### WHAT IS EXPECTED
Copy each line of the data beneath in which the word "Baghdad" appears.

○ ○ ○ ○ ○

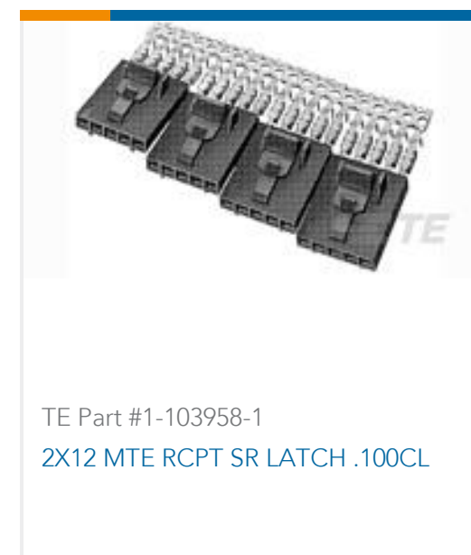
TE Part #1-103958-1 2X12 MTE RCPT SR LATCH .100CL
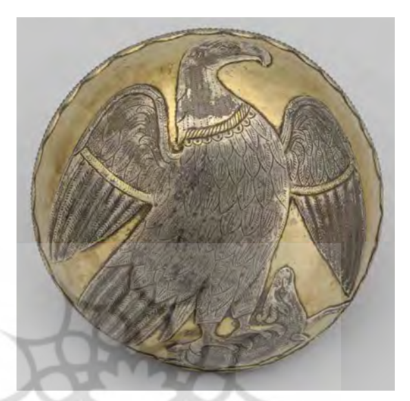
Fig. 4: Plate with an eagle and gazelle, 7th-8th centuries, Iran, The State Hermitage museum collection, № S-298.

The preserved silverware dating to the early Muslim time points to the evident continuation of the traditions, but the changes as well (Lukonin, Trever 1987: 98-99). Along with stylized variants of represented characters and the general tendency to symmetry, the way the compositions were organized was quite special – a scene or its main hero (a kind of eagle in combat scenes, for example) is trying to occupy almost the entire space of the object, usually shown on traditional bowls and plates (Fig. 4).
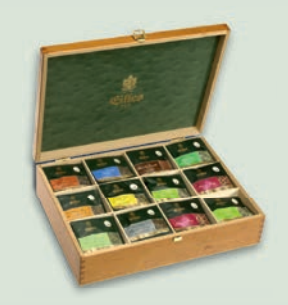
Wooden box with 12 slots for Tea Diamond® sachets

Article no. 6626 in beech Article no. 66261 in wenge
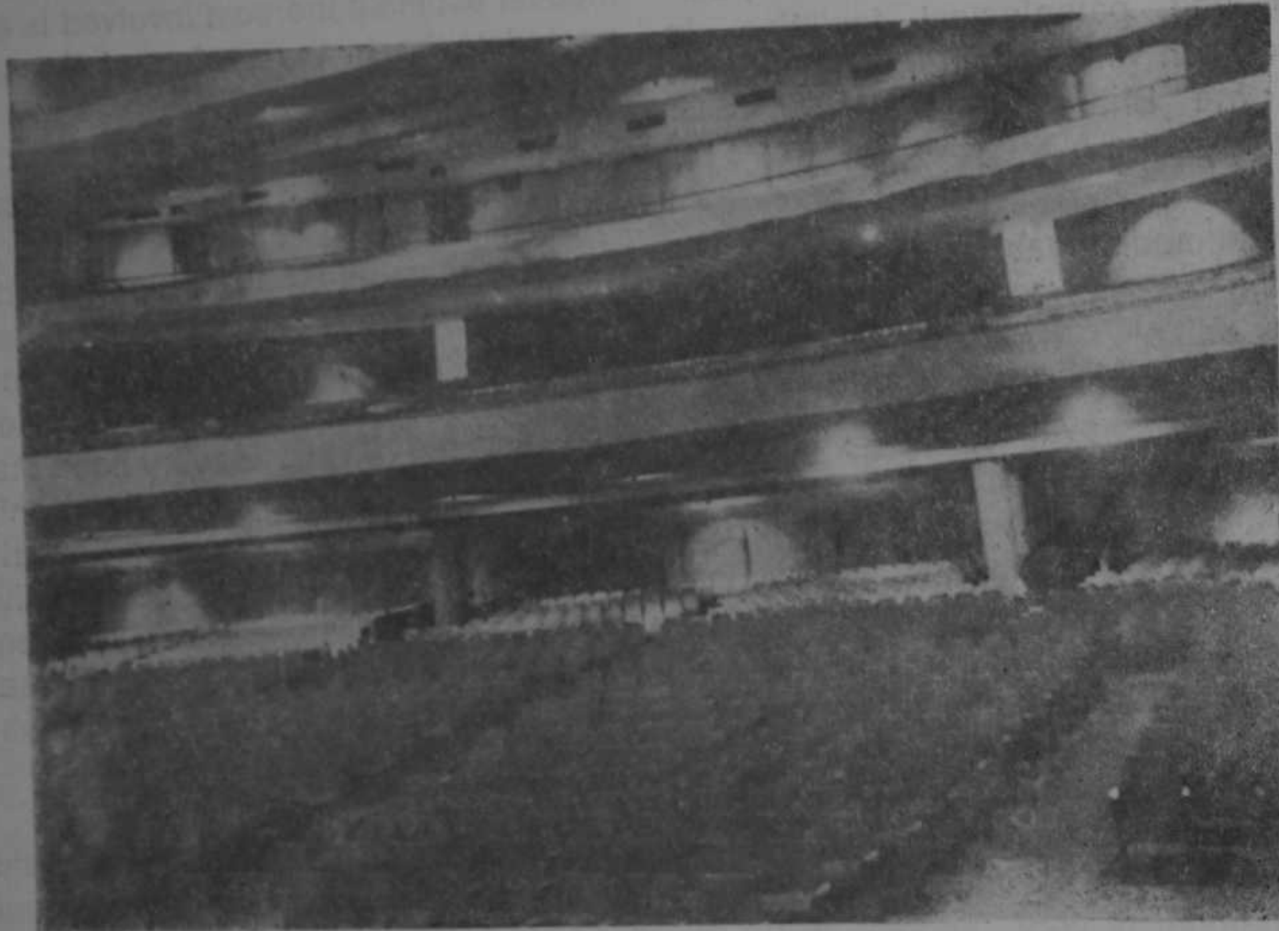
The Hall Before
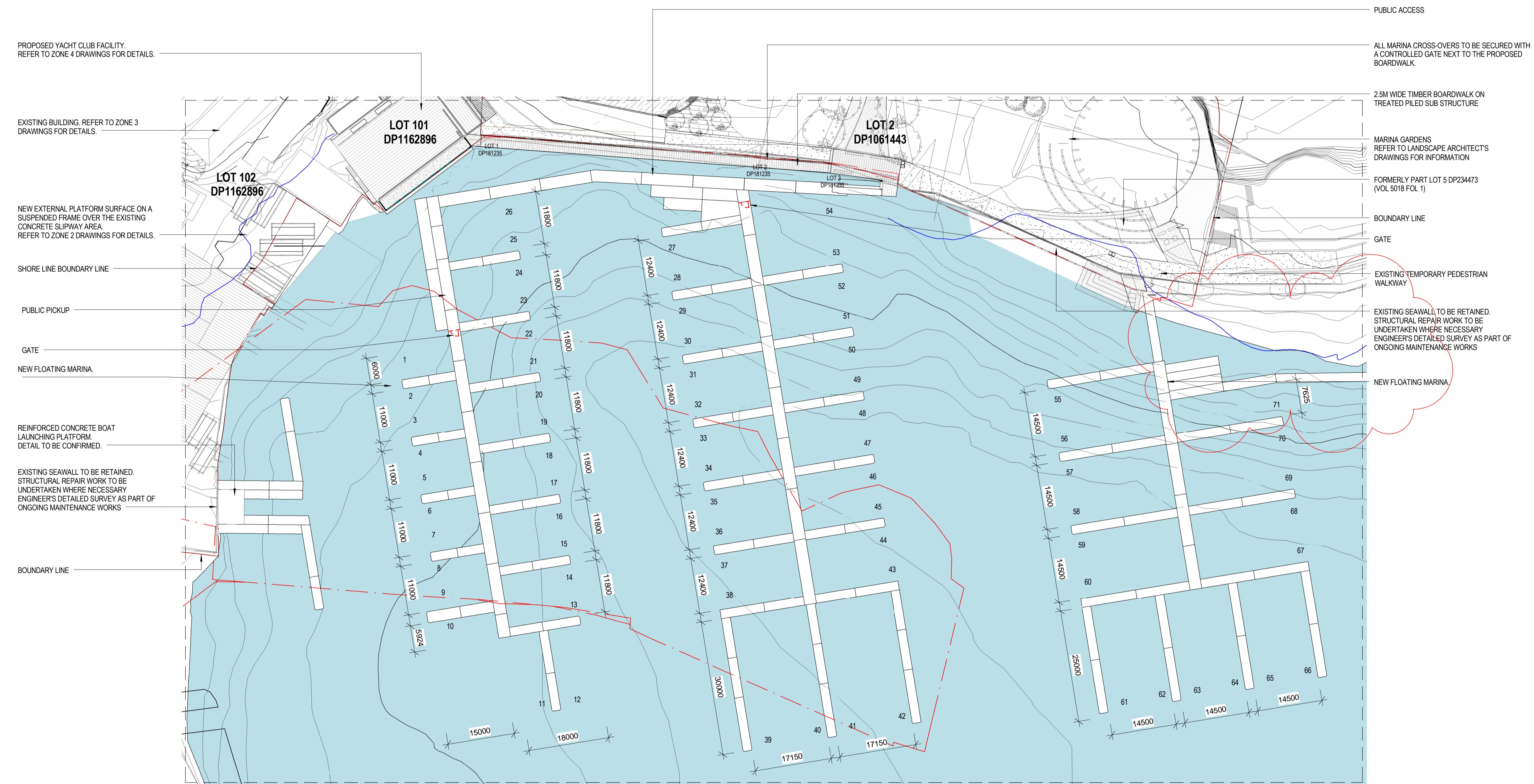
01A_PROPOSED MARINA PLAN ZONE 1A Scale: 1 : 500

BERTH NUMBERS ZONE 1A: 71 BERTHS RANGING IN VARIOUS SIZES UP TO 30m ZONE 1B: 13 BERTHS RANGING IN VARIOUS SIZES UP TO AGREED LARGE VESSEL SIZES INCLUDING RECONFIGURATION OF THE EXISTING DOLPHIN WHARF TOTAL BERTHING OF 84 VESSELS
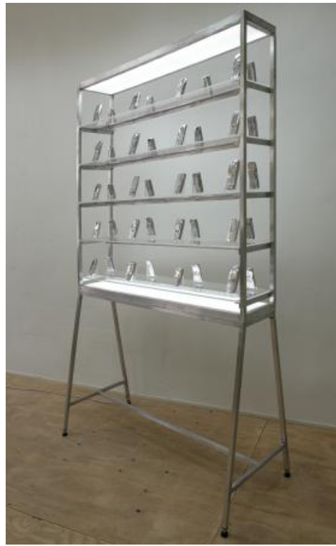
Fast Lane, 2022
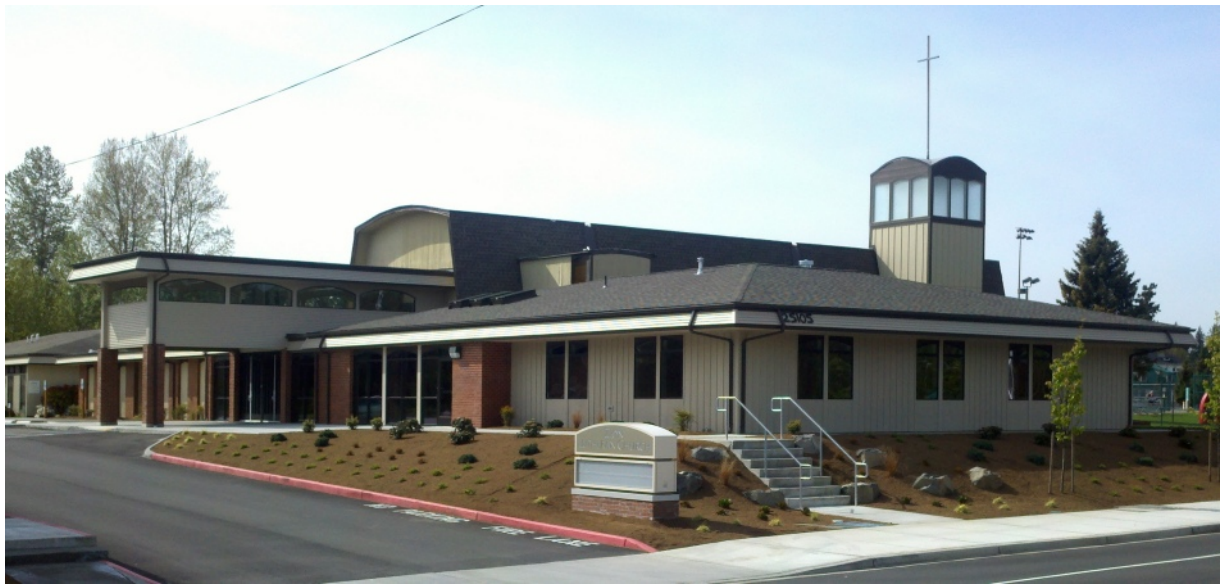
Exterior View from Street
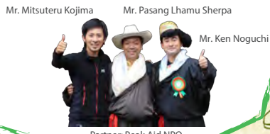
Partner: Peak Aid NPO

The forests of Nepal are recovering. Thank you for your cooperation!
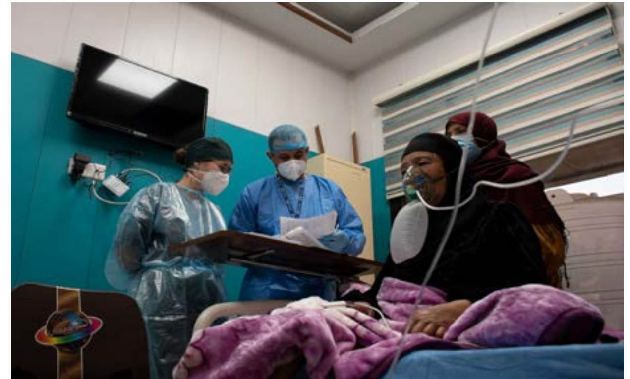
A COVID-19 patient is receiving oxygen therapy in the Al-Shifaa 13 COVID-19 ward, in Al-Kindi Hospital, Baghdad, 2021

In 2021, MSF teams continued supporting the Rusafa Directorate of Health by treating COVID-19 patients at the 33-bed Al-Shifaa Intensive Respiratory Care Centre at Al-Kindi hospital. In response to increasing numbers of COVID-19 admissions during the second wave of the pandemic, MSF and the hospital management team worked together to expand capacity to 55 beds. Our teams delivered comprehensive intensive care to severely and critically ill COVID-19 patients, including ventilation therapy, medical care, nursing care, physiotherapy and mental healthcare. Our teams also provided training sessions and essential medical supplies to health workers at Al-Kindi hospital. They also introduced an antibiotic stewardship programme at the hospital to better manage antibiotic use with COVID-19 patients. In October 2021, MSF handed over its activities at Al-Kindi to the hospital’s management, following a decision by the Directorate of Health of Rusafa to return the hospital to surgical activities after focusing on COVID-19 care for more than a year. In 2021, we provided advanced COVID-19 care for 936 patients, provided 2,730 physiotherapy sessions and trained 225 Directorate of Health staff. MSF also donated essential personal protective equipment to healthcare facilities across Baghdad.
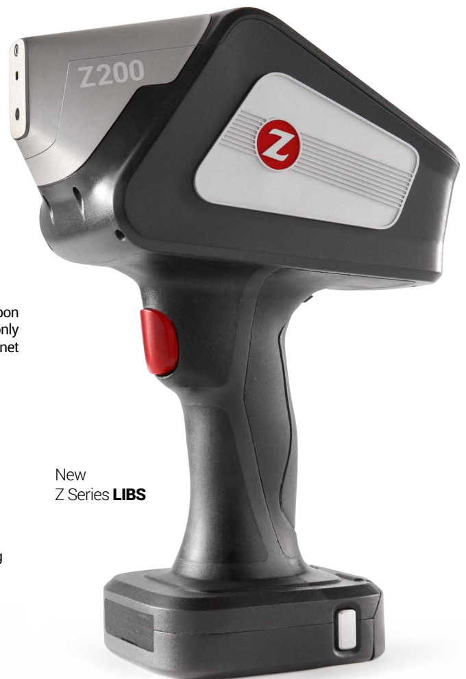
New Z Series LIBS

The "One-Box" - Analyze any element in the periodic table, any sample type, with optimal performance.
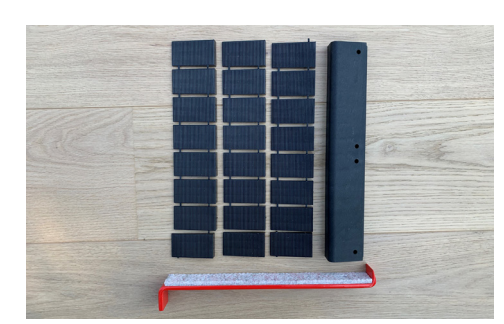
Installation set RFIK Allows easy and professional installation
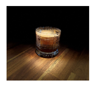
SHAPE SHIFTER $1: A blend of cola, lemon, maple syrup and soy sauce. Garnished with grated nutmeg

○ ○ ○ ○ ○

### TASK RESPONSE
A COVID-19 patient is receiving oxygen therapy in the Al-Shifaa 13 COVID-19 ward, in Al-Kindi Hospital, Baghdad, 2021
In 2021, MSF teams continued supporting the Rusafa Directorate of Health by treating COVID-19 patients at the 33-bed Al-Shifaa Intensive Respiratory Care Centre at Al-Kindi hospital. In response to increasing numbers of COVID-19 admissions during the second wave of the pandemic, MSF and the hospital management team worked together to expand capacity to 55 beds. Our teams delivered comprehensive intensive care to severely and critically ill COVID-19 patients, including ventilation therapy, medical care, nursing care, physiotherapy and mental healthcare. Our teams also provided training sessions and essential medical supplies to health workers at Al-Kindi hospital. They also introduced an antibiotic stewardship programme at the hospital to better manage antibiotic use with COVID-19 patients. In October 2021, MSF handed over its activities at Al-Kindi to the hospital’s management, following a decision by the Directorate of Health of Rusafa to return the hospital to surgical activities after focusing on COVID-19 care for more than a year. In 2021, we provided advanced COVID-19 care for 936 patients, provided 2,730 physiotherapy sessions and trained 225 Directorate of Health staff. MSF also donated essential personal protective equipment to healthcare facilities across Baghdad.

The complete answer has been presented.